Problem =
Give the listing again word for word, excluding the pictures it contains.

Data =
┄┄┄┄┄┄┄┄┄┄

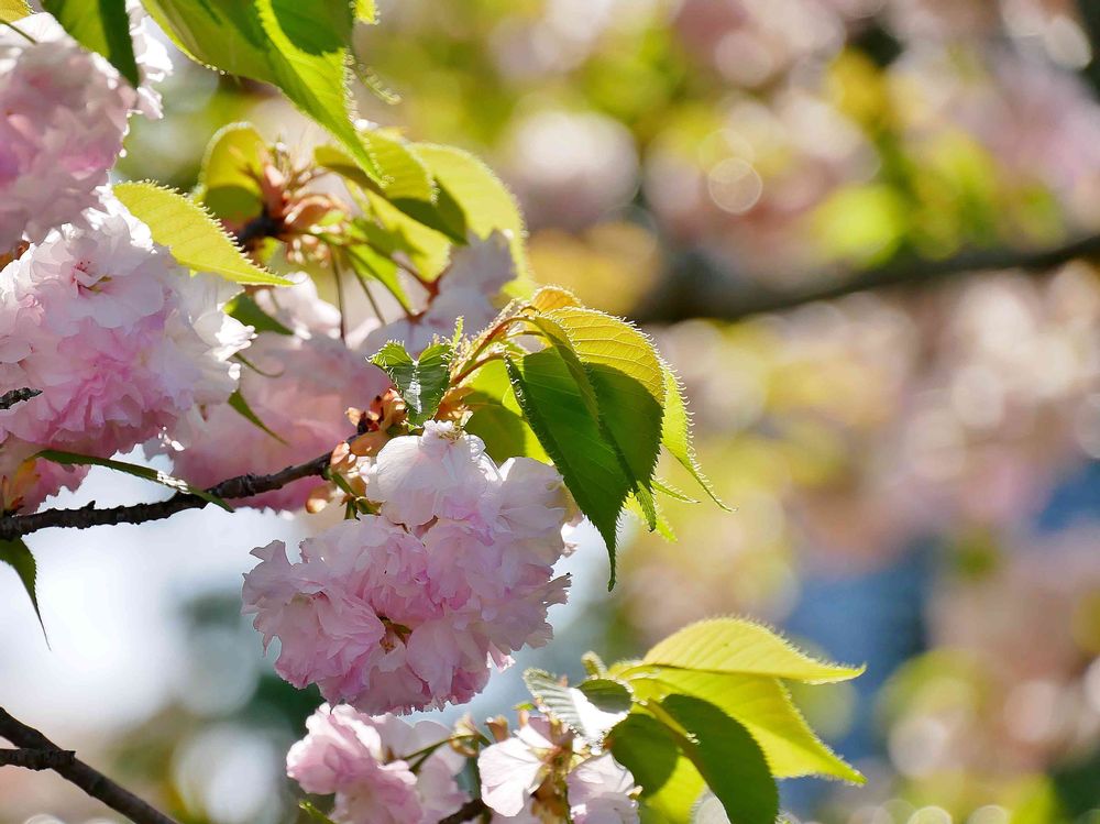 八重桜、満開キラキラ(4月11日撮影)
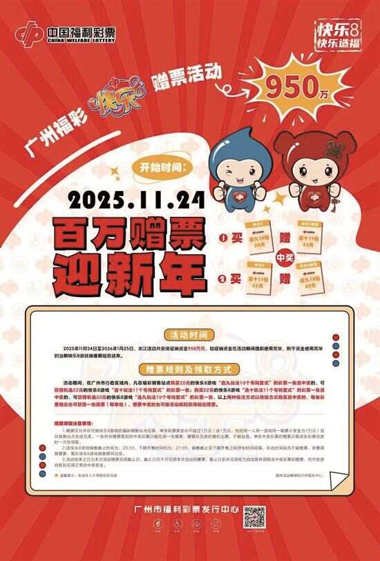 本次活动共安排赠票资金950万元,计划至2026年1月25日结束,如活动赠票金额累计达到950万元,则在赠票金额用完的当期快乐8游戏期结后结束,活动结束之日为本次活动赠票兑领截止日。截止日后不可兑领本次活动的赠票,截止日前未兑领视为自动放弃领取该中奖彩票的赠票,仍可按游戏规则兑领正常的中奖奖金。
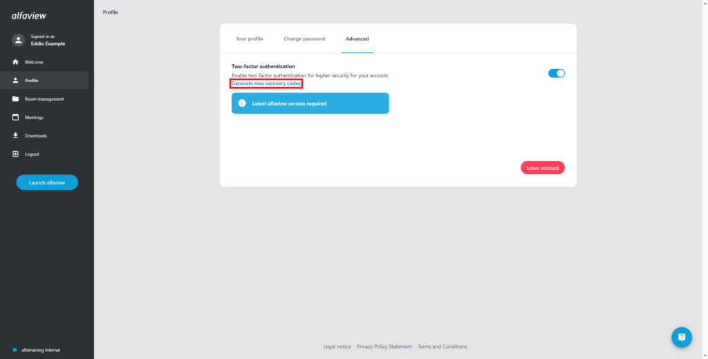 Therefore, use the codes exclusively for account recovery and not for regular login to alfaview.
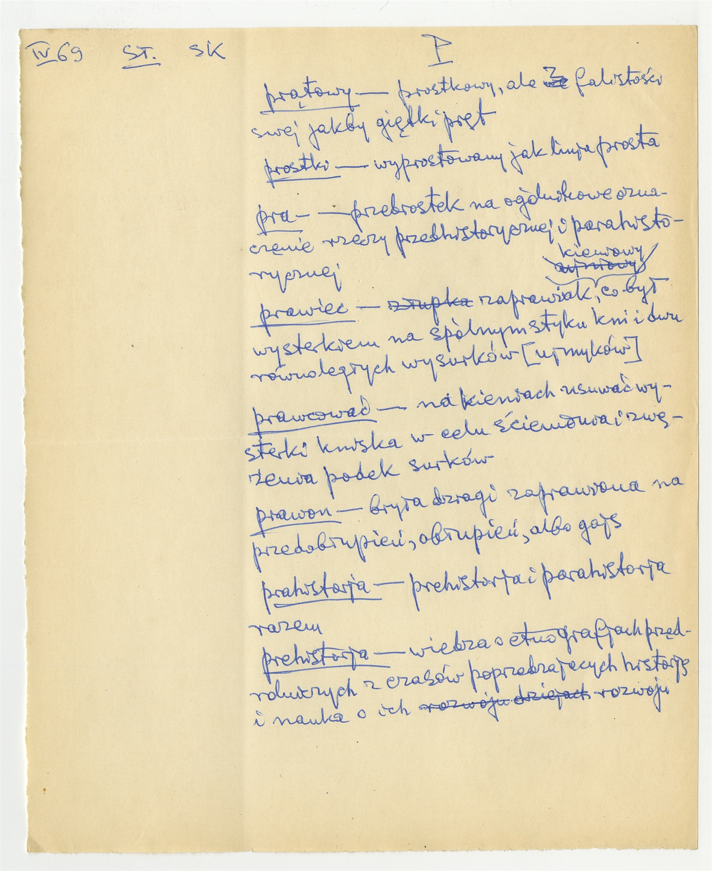 Rękopis słownika w postaci luźnych kartek - strona 147: hasła słownikowe na literę P IV [19]69

┄┄┄┄┄┄┄┄┄┄

Finished exercise =
 八重桜、満開キラキラ(4月11日撮影)
 本次活动共安排赠票资金950万元,计划至2026年1月25日结束,如活动赠票金额累计达到950万元,则在赠票金额用完的当期快乐8游戏期结后结束,活动结束之日为本次活动赠票兑领截止日。截止日后不可兑领本次活动的赠票,截止日前未兑领视为自动放弃领取该中奖彩票的赠票,仍可按游戏规则兑领正常的中奖奖金。
 Therefore, use the codes exclusively for account recovery and not for regular login to alfaview.
 Rękopis słownika w postaci luźnych kartek - strona 147: hasła słownikowe na literę P IV [19]69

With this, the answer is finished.